Pages: pp. 104
Abstract—Is it possible to use computers to "read" the mind or simulate the brain? Here the author considers current research and possible scenarios.
Keywords—Neuroscience, auditory cortex, encoding speech, scientific computing
LAST YEAR, THE WEBSITE OF BRITAIN'S DAILY MAIL NEWSPAPER BECAME THE WORLD'S MOST-VISITED ENGLISH-LANGUAGE NEWS SOURCE. ALTHOUGH THE MAIL'S WEBSITE OWES ITS POPULARITY TO A MENU RICH IN CELEBRITIES, CRIME, AND ROYALS, IT OFFERS READERS SOMETHING THAT
my stuffier hometown newspaper, The Washington Post, lacks: a top-level section devoted to science.
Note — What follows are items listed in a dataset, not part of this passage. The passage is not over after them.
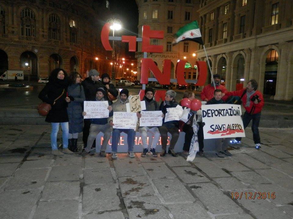 Nonostante la pubblicità sui giornali, l’appoggio del PD e dei mezzi di informazione, solo poche decine di presenti oggi (lunedì 19 dicembre 2016) in Piazza De Ferrari nel presidio per Aleppo. Dove si è vista sventolare la bandiera dei ribelli siriani (quella con tre stelle) e si inalberavano cartelli con scritto Assad = Hitler. Gli organizzatori erano l’ARCI con altre associazioni e partecipavano anche il Comune e il PD. Non sappiamo quanti e quante in buona fede fossero presenti in piazza e che cosa hanno pensato. Certo che è curioso che la manifestazione fosse in contemporanea all’assassinio dell’ambasciatore russo in Turchia da parte di un estremista islamico.
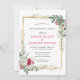 Un cadre doré large entoure les détails de votre fiançailles. Il est décoré de roses rouges et blancs nichés dans des baies sèches, des feuilles d'eucalyptus et des feuillages botaniques d'hiver. Cette belle invitation fait partie d'une collection qui a les modèles pour vous de créer des invitations et des fournitures de fête.
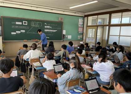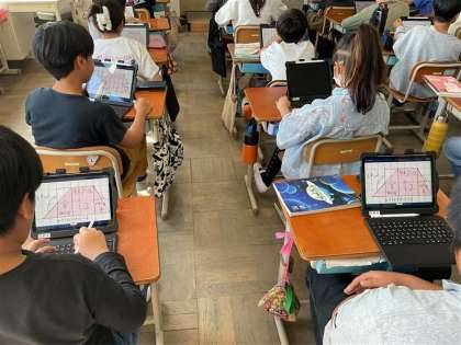 台形の面積の求め方を考えました。これまでに学習した面積の公式をつかって求めることができるでしょうか?ギガ端末を使って考えを共有し、台形の面積を求める公式を考えることができました。
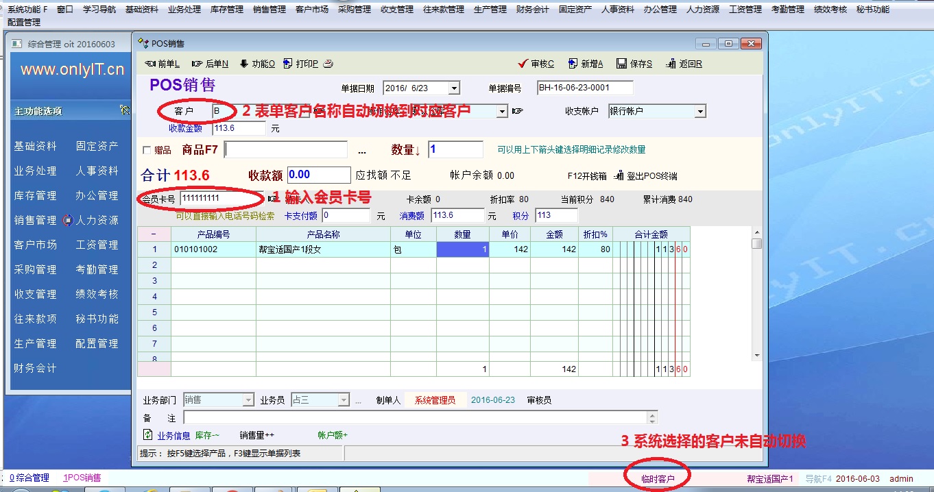 @qf2016 客户B对应会员卡号111111,对应价格体系普通零售价。“临时客户”无会员卡,对应价格体系批发价。 前面先做了一张“临时客户”的单据。 然后再做客户B的单据。输入会员卡号111111后,单据上的客户名已经自动切换到客户B。在单据中输入商品,但是引用的价格体系却为批发价。检查当时系统所选择的客户(图中标注3的位置),其实当时系统所选中的客户仍为“临时客户”,此时需要在客户栏重新回车确认一下,系统的选择才会改到客户B。 回车确认的时候,如果该客户有多张会员卡,那么“会员卡号”处又会自动切换到客户的第一张会员卡。 这个Bug是一个硬伤,打单的时候非常容易就给客户一个错误的价格。
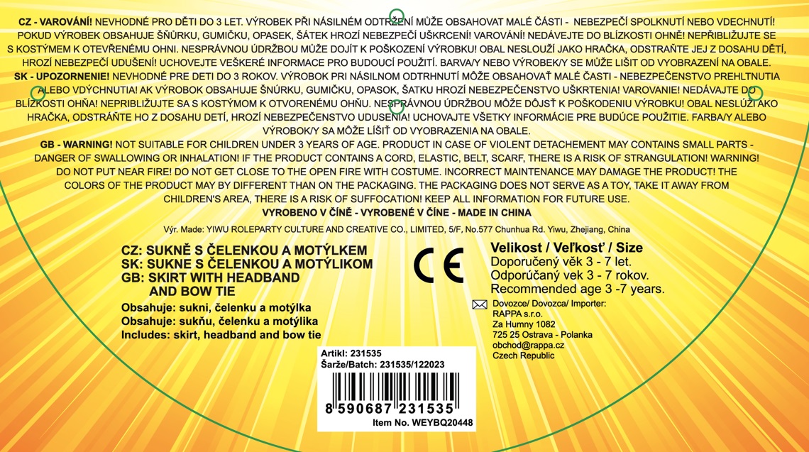 Roztomilý čertovský kostýmek s TUTU sukýnkou je určen pro holčičky ve věkovém rozmezí 3-7 let (104-146 cm), obvod pasu 46-72 cm. Nadýchaná tylová sukýnka s čertovským ocáskem, typické červené barvy je v pase na gumu. Součástí této sady je senzační čelenka s rohy a motýlek na krk! Délka sukýnky je cca 40 cm.

Granted, the Mail's science coverage tends toward the sensational, but it does encompass superluminal neutrinos, the Higgs boson, and other weighty topics. The story that led the science section on 1 February 2012 was both sensational and important, as you can tell from the headline:
Mind-boggling! Science creates computer that can decode your thoughts and put them into words.
The story's origin lies in an article published in PLoS Biology by Brian Pasley of the University of California, Berkeley, and his collaborators. 1 Fifteen patients who suffered either epilepsy or brain cancer agreed to let Pasley's team attach an array of electrodes to their brains while their skulls were opened for surgery. The electrodes recorded signals from neurons located in a part of the brain, the auditory cortex, that interprets spoken language.
Before the patients underwent surgery, they listened to single words and whole sentences. Pasley and his collaborators correlated the electrical recordings with the words' acoustic spectra. A machine-learning algorithm then derived a mapping that could reproduce an acoustic spectrum from a neural recording.
Predicting what someone hears based on his or her brain activity is impressive, but it hardly qualifies as mind reading. However, it turns out that the auditory cortex is also responsible for encoding speech. When Pasley's team asked each patient to think of words without uttering them, the algorithm accurately predicted what those unspoken words were. In that sense, the algorithm really did read the patients' minds.
Pasley's algorithm occupies one front in a broad campaign to understand how the human brain works. On another front, biophysicists are developing ways to map the topography of the brain's interconnected neurons. Given that the human brain contains on the order of 10 11 neurons, each of which is connected to up to 1,000 other neurons, assembling a complete neuronal map could turn out to be infeasible—and perhaps unnecessary.
A detailed map of a single, characteristic neighborhood of the brain might yield enough information to identify the physical features that underlie thought and memory. But knowledge of those features alone might fall short of demonstrating that someone understands the brain. If that turns out to be the case, then a convincing demonstration might entail building a simulated brain.
The anatomy and physiology of such a brain wouldn't necessarily resemble those of our own. Indeed, the first prototype could turn out to consist of a building-sized stack of optical tables where pulsed beams of light—the information-carrying signals—bounce off mirrors and pass through prisms. Provided that the simulated brain's topology and interconnections are described using the same mathematical equations that apply to a human brain, such a demonstration would be valid.
And if that fantasy becomes a reality, simulation would have attained a new and higher status in science. Rather than providing a way to calculate a theory's validation, the simulation would be the validation.